Лена помешала ложечкой пенку. Долго. Потом сказала:
– Я три года ходила к психологу. Тоже чтобы было что рассказывать дочери. А потом психолог спросила: «Лена, а вы сами-то тут зачем?» И я заплакала. Минут сорок. – Она улыбнулась. – Мне пятьдесят два, я бывший врач-рентгенолог, у меня двое взрослых сыновей, один внук и муж, который меня обожает. И я три года ходила к психологу, чтобы было что рассказать дочери, которой у меня нет.

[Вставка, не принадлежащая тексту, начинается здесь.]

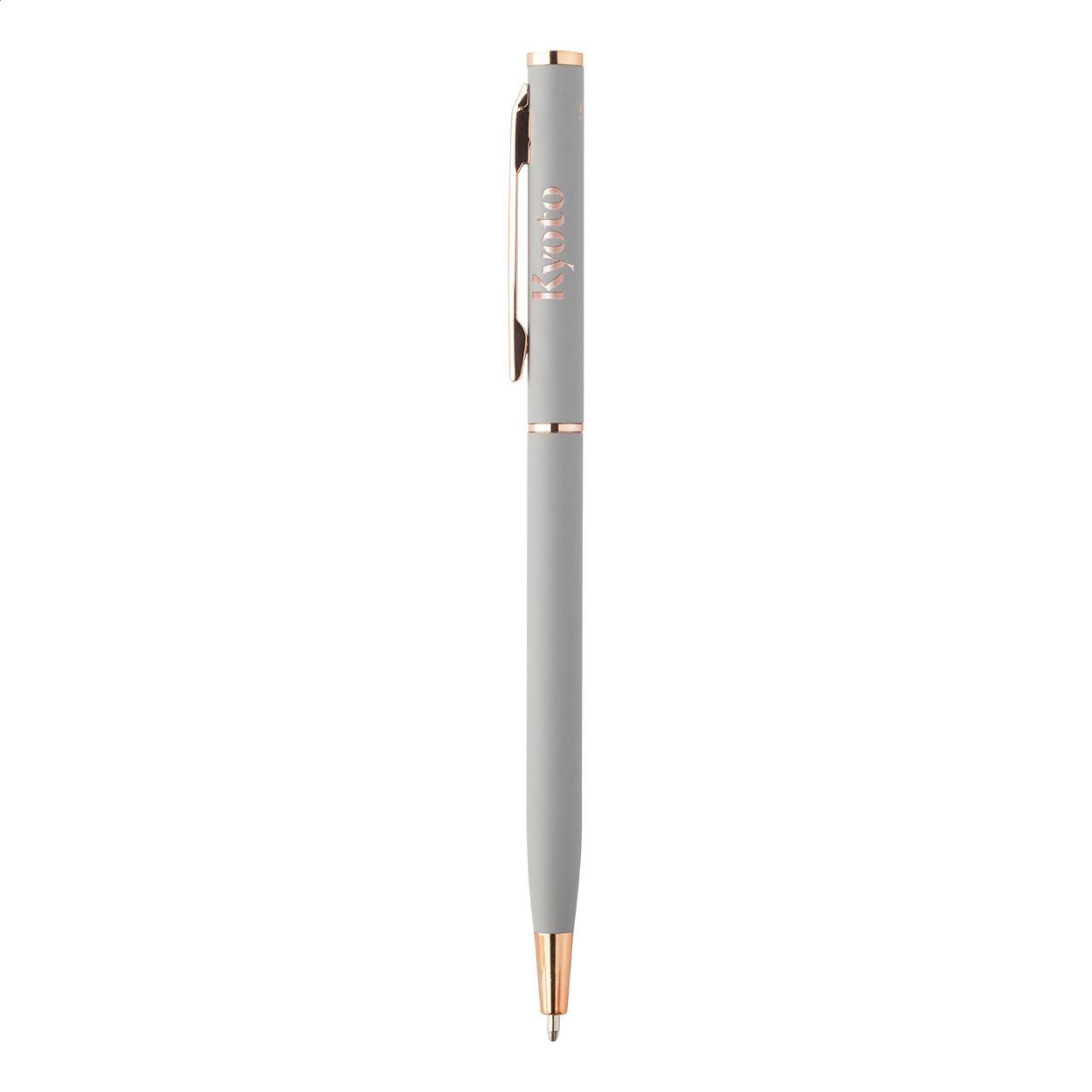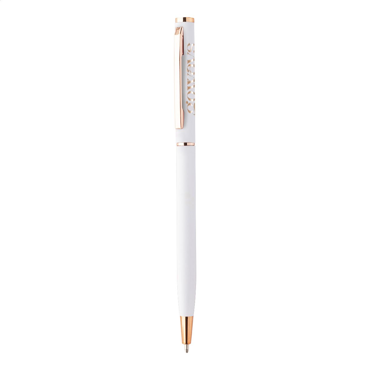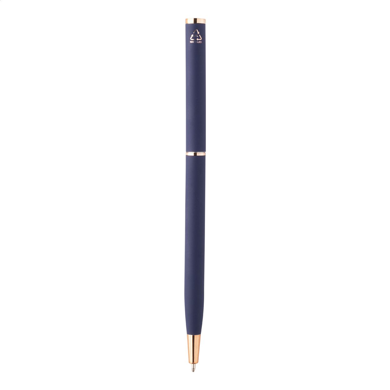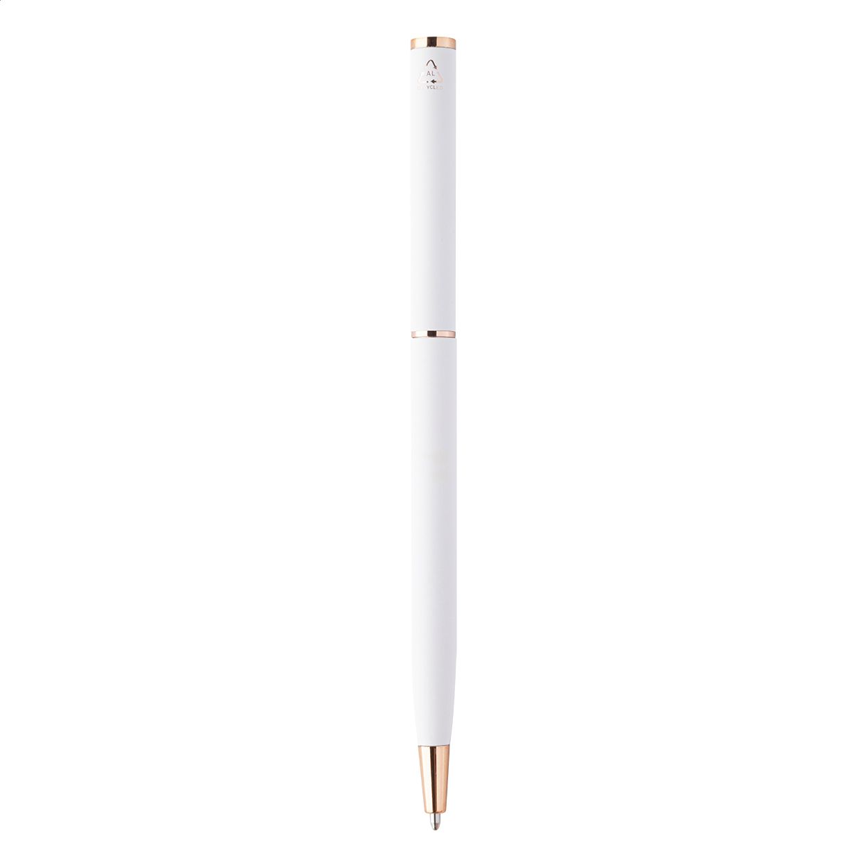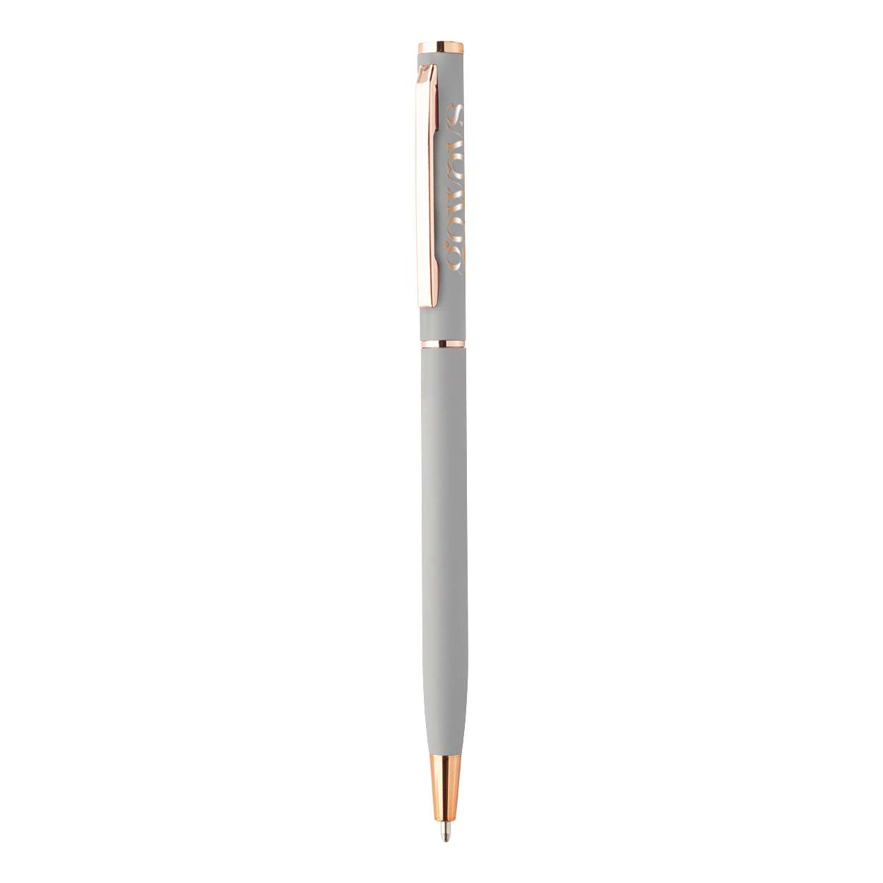Penna a sfera in alluminio riciclato con meccanismo a rotazione, dettagli in color oro rosa, refill blu e rivestimento gommato speciale per incisione laser a specchio in colore oro rosa.

Вера засмеялась. Лена засмеялась тоже.
– Дурдом, – сказала Лена. – Мы с тобой.
– Дурдом, – согласилась Вера.
Потом они ещё час говорили обо всём подряд — про глину, про пироги, про то, что в шестнадцать Лена хотела стать гитаристкой, а в восемнадцать уже поступила в мед, потому что «мама сказала, гитара это не профессия». Когда Вера вышла на улицу, шёл мелкий ноябрьский снег, и она почему-то была не уставшая, а наоборот — как после хорошей прогулки.
Дома она поставила чайник, достала чашку — и вдруг остановилась. Вспомнила про свою будущую плошку, которая ещё сушилась в студии и которую ей отдадут только через неделю. Подумала: вот привезу её домой — и это будет вторая чашка. Моя собственная. Не для гостя. Не для Маши. Не для Володи, который никогда больше сюда не придёт. Просто — моя.
ххх
Через неделю Настя выдала ей плошку — обожжённую, покрытую тёмной глазурью, которая в печи взялась неровными подтёками, как дождь по стеклу. Вера привезла её домой, завернув в газету, как будто это было что-то хрупкое и важное.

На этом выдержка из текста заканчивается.